As Senate Republicans plow ahead with plans to vote on the package Wednesday and potentially Thursday, senators and outside observers remain confused about the exact programs the Trump administration plans to target based on the broad rescissions outlined in the bill.

Senate Armed Services Chair Roger Wicker (R-Miss.) said senators made the point to the administration Tuesday that they were dissatisfied with the level of detail they have provided thus far.

“Next time, give us the specific information,” he said before voting to proceed on the package.

Vought has touted specific environmental and clean energy initiatives that he said would be canceled, but he has not publicly explained which of the rescissions in the bill would actually accomplish those cuts.

He and OMB officials have mentioned clawbacks of $6 million for “net-zero cities” in Mexico, $5 million for ”green transportation and logistics in Eurasia,” $2.1 million for “climate resilience in Southeast Asia, Latin America [and] East Africa” and $500,000 for “electric buses in Rwanda,” among other cuts.

But it’s not clear how OMB decided to target those programs and which funding buckets the cuts would come from. Those specific initiatives are not explicitly named in Congress’ fiscal 2024 State-Foreign Operations funding law, which was extended through fiscal 2025.

And investments that countries receive for projects under the Clean Technology Fund are not directly tied to donor countries’ contributions.
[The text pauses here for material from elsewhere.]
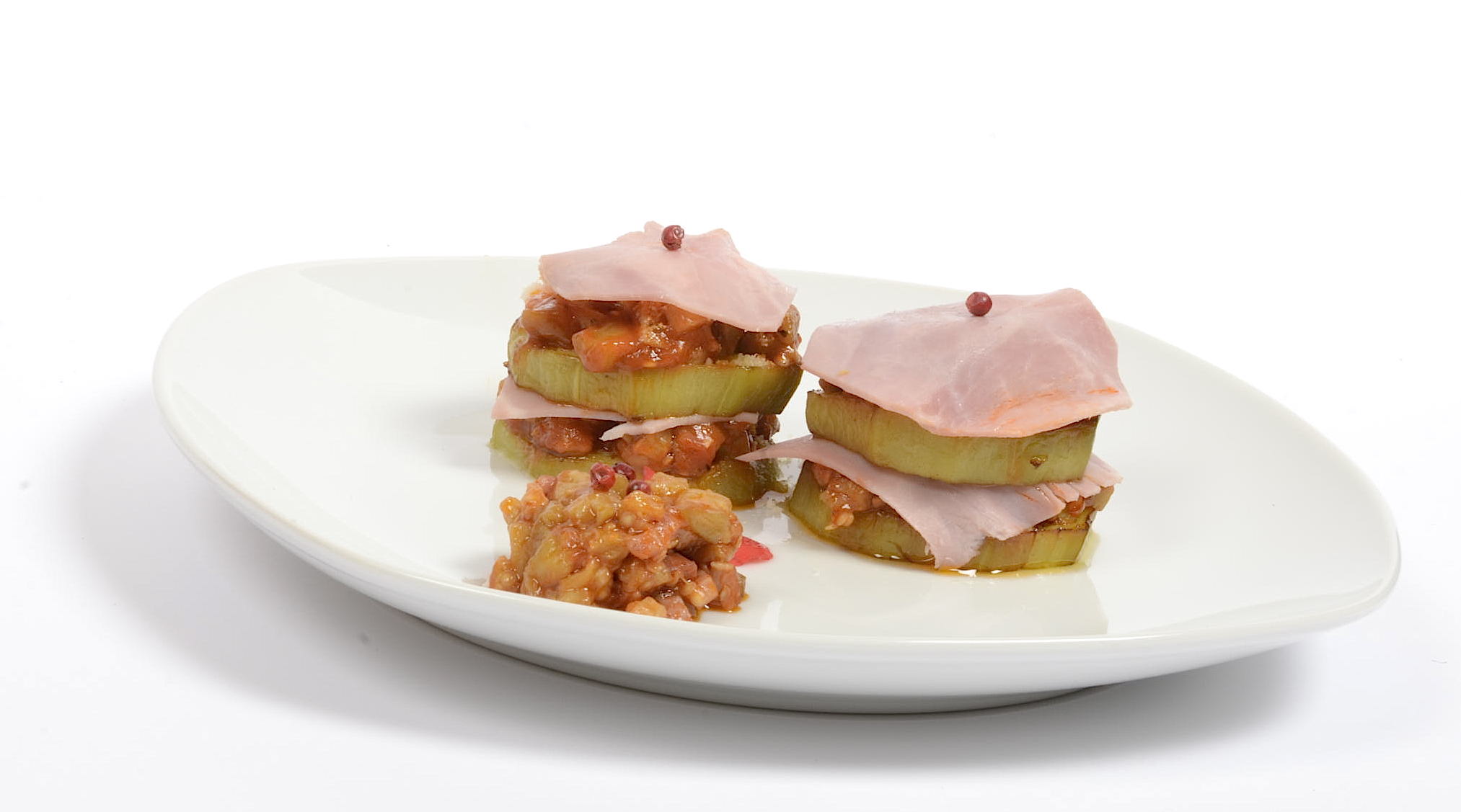 una loncha de jamón york cortada al mismo tamaño que la rodaja de berenjena

“We do not know which economic aid and development programs are going to be cut off, undermining congressional direction,” the office of Senate Appropriations ranking member Patty Murray (D-Wash.) wrote in a fact sheet Tuesday.

“Will they cut funding to counter the Chinese government, support American farmers — both? We don’t know,” the fact sheet reads.

Reporters Kelsey Brugger, Garrett Downs and Jordain Carney contributed.